● **What is needed**:
The full set of lines below has to be duplicated exactly, with no picture kept.

● **Recorded information**:
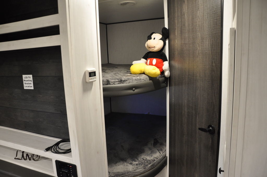 The 261BHS floor plan features a rear bunkhouse, which includes double bunk beds and a wardrobe for storage. The dining and living areas are located in the central part of the trailer, with a U-shaped dinette and a sofa that can be converted into a bed. The entertainment center includes a TV and a DVD player.
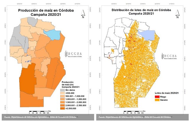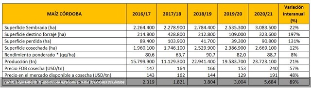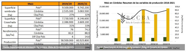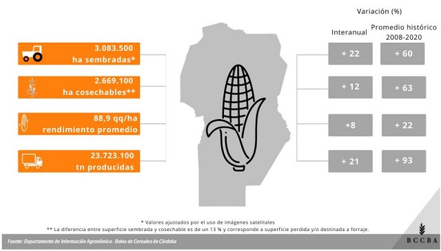 Durante la campaña 2020/21 se produjeron 23.723.100 toneladas de maíz. Este valor representa un aumento del 21 % con respecto a la campaña 2019/20 y un 93 % con respecto al promedio histórico (2008-2020). La principal causa de este aumento es el importante crecimiento en el área sembrada, que en esta campaña superó por primera vez en la historia las 3 millones de hectáreas, alcanzando 3.083.500 ha al sumar la superficie en secano y bajo riego. Debe destacarse que el 11 % del área se sembró con destino forrajero.
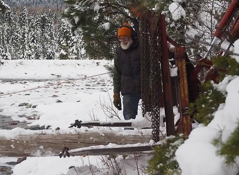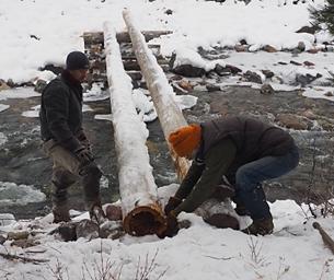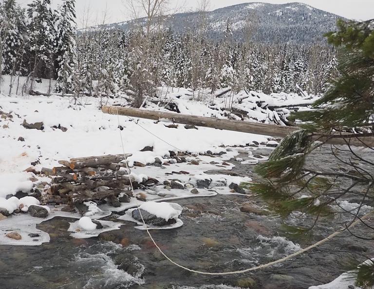 I usually make a bridge across the river in late October or early November, before we have any permanent snow on the ground. Most years we have a snow or two in September and October, but with the global warming trends we have been seeing less and less of that. I have always figured if it snowed before the middle of November we would get some warm sunny days after that to take the snow off; any snow after the middle of November marks the start of our permanent snow for the winter. This year we didn't get any real snow until November. Unfortunately, it snowed hard November 1 and we got somewhere between 10" and 14", and I had a lot of chores that should have been done before permanent snow still undone. One of them was getting the bridge in.
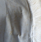 La large passe en piqué de coton, solidaire à la bonnette, est bordée d'une mousseline sans ruché.
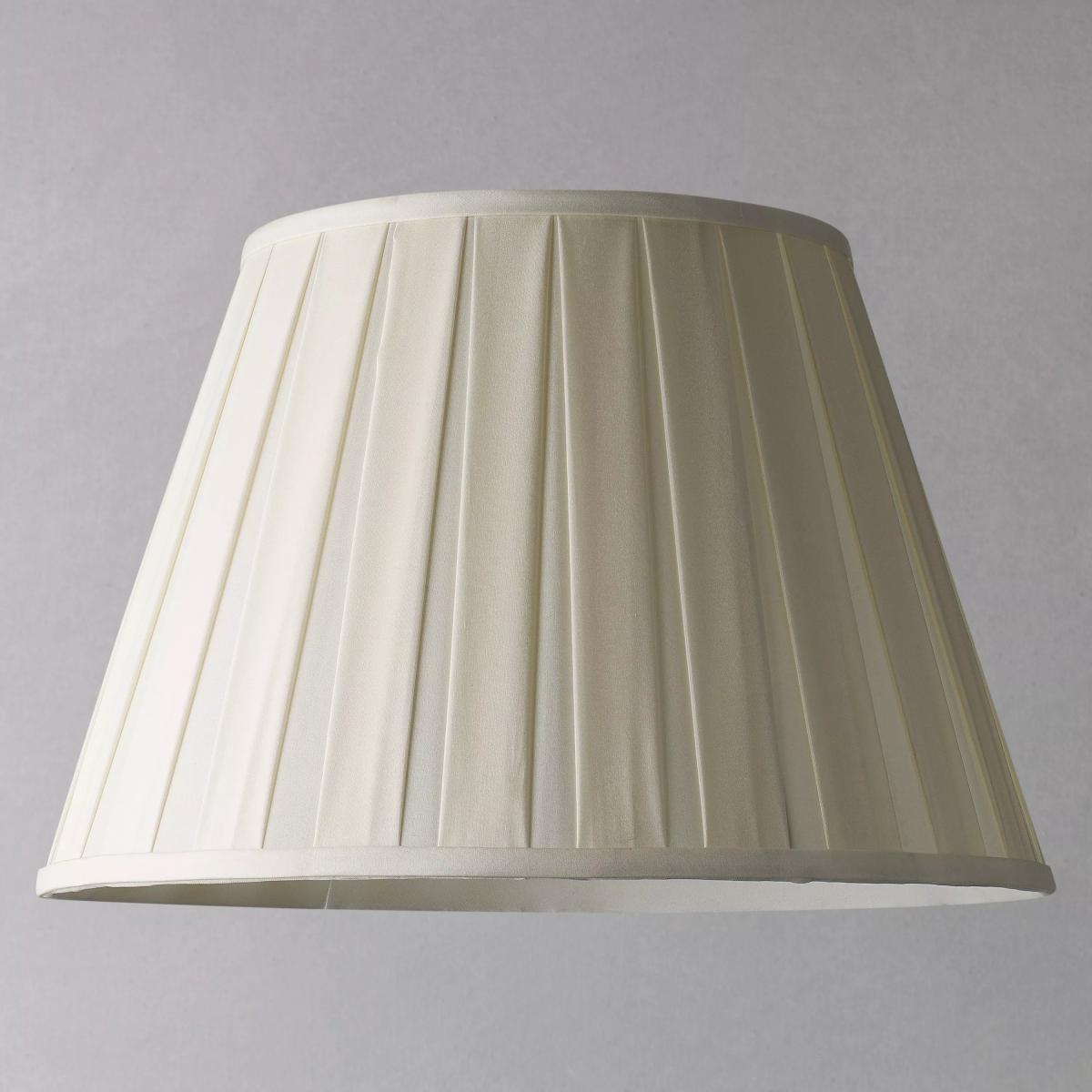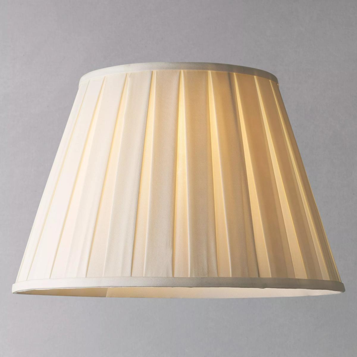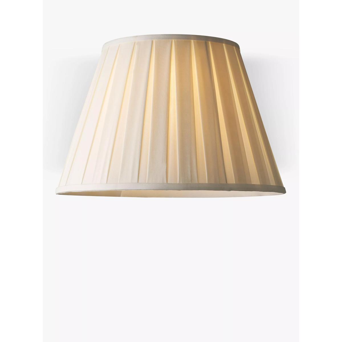 Made from a high-quality, medium-weight Dupiono silk, our Oratorio lampshade is suitable for both ceiling lights and lamp bases. Its tapered shape features wide pleat detailing with a crepe trim at the top and bottom, and it's lined in the same colour to enhance a warm and concentrated glow of light. The silk has been formed from a plain weave, where two cocoons naturally adjoined. Thanks to this natural design, any textural irregularities are characteristic of its closely weaved construction. Dimension breakdown: Dia.20cm = H13 x bottom dia.20 x top dia.12cm Dia.25cm = H18 x bottom dia.25 x top dia.16cm Dia.30cm = H20 x bottom dia.30 x top dia.18cm Dia.35cm = H23.5 x bottom dia.35 x top dia.21cm Dia.41cm = H27 x bottom dia.41 x top dia.25cm Dia.45cm = H30 x bottom dia.45 x top dia.27cm Dia.50cm = H33 x bottom dia.50 x top dia.27cm Worth knowing Small lampshade sizes are made with a reversible gimble. The Dia.45cm and Dia.50cm lampshades have fixed arms and require a lampshade spider or carrier ring to ensure a stable fit. Both are available to purchase separately, explore our options. Good to know Our straight-sided, or drum lampshades are well-paired with modern lamp bases, while tapered lampshades work well with classic style bases. You can shop our range of lamp bases here

● **Result**:
 The 261BHS floor plan features a rear bunkhouse, which includes double bunk beds and a wardrobe for storage. The dining and living areas are located in the central part of the trailer, with a U-shaped dinette and a sofa that can be converted into a bed. The entertainment center includes a TV and a DVD player.
 Durante la campaña 2020/21 se produjeron 23.723.100 toneladas de maíz. Este valor representa un aumento del 21 % con respecto a la campaña 2019/20 y un 93 % con respecto al promedio histórico (2008-2020). La principal causa de este aumento es el importante crecimiento en el área sembrada, que en esta campaña superó por primera vez en la historia las 3 millones de hectáreas, alcanzando 3.083.500 ha al sumar la superficie en secano y bajo riego. Debe destacarse que el 11 % del área se sembró con destino forrajero.
 I usually make a bridge across the river in late October or early November, before we have any permanent snow on the ground. Most years we have a snow or two in September and October, but with the global warming trends we have been seeing less and less of that. I have always figured if it snowed before the middle of November we would get some warm sunny days after that to take the snow off; any snow after the middle of November marks the start of our permanent snow for the winter. This year we didn't get any real snow until November. Unfortunately, it snowed hard November 1 and we got somewhere between 10" and 14", and I had a lot of chores that should have been done before permanent snow still undone. One of them was getting the bridge in.
 La large passe en piqué de coton, solidaire à la bonnette, est bordée d'une mousseline sans ruché.
 Made from a high-quality, medium-weight Dupiono silk, our Oratorio lampshade is suitable for both ceiling lights and lamp bases. Its tapered shape features wide pleat detailing with a crepe trim at the top and bottom, and it's lined in the same colour to enhance a warm and concentrated glow of light. The silk has been formed from a plain weave, where two cocoons naturally adjoined. Thanks to this natural design, any textural irregularities are characteristic of its closely weaved construction. Dimension breakdown: Dia.20cm = H13 x bottom dia.20 x top dia.12cm Dia.25cm = H18 x bottom dia.25 x top dia.16cm Dia.30cm = H20 x bottom dia.30 x top dia.18cm Dia.35cm = H23.5 x bottom dia.35 x top dia.21cm Dia.41cm = H27 x bottom dia.41 x top dia.25cm Dia.45cm = H30 x bottom dia.45 x top dia.27cm Dia.50cm = H33 x bottom dia.50 x top dia.27cm Worth knowing Small lampshade sizes are made with a reversible gimble. The Dia.45cm and Dia.50cm lampshades have fixed arms and require a lampshade spider or carrier ring to ensure a stable fit. Both are available to purchase separately, explore our options. Good to know Our straight-sided, or drum lampshades are well-paired with modern lamp bases, while tapered lampshades work well with classic style bases. You can shop our range of lamp bases here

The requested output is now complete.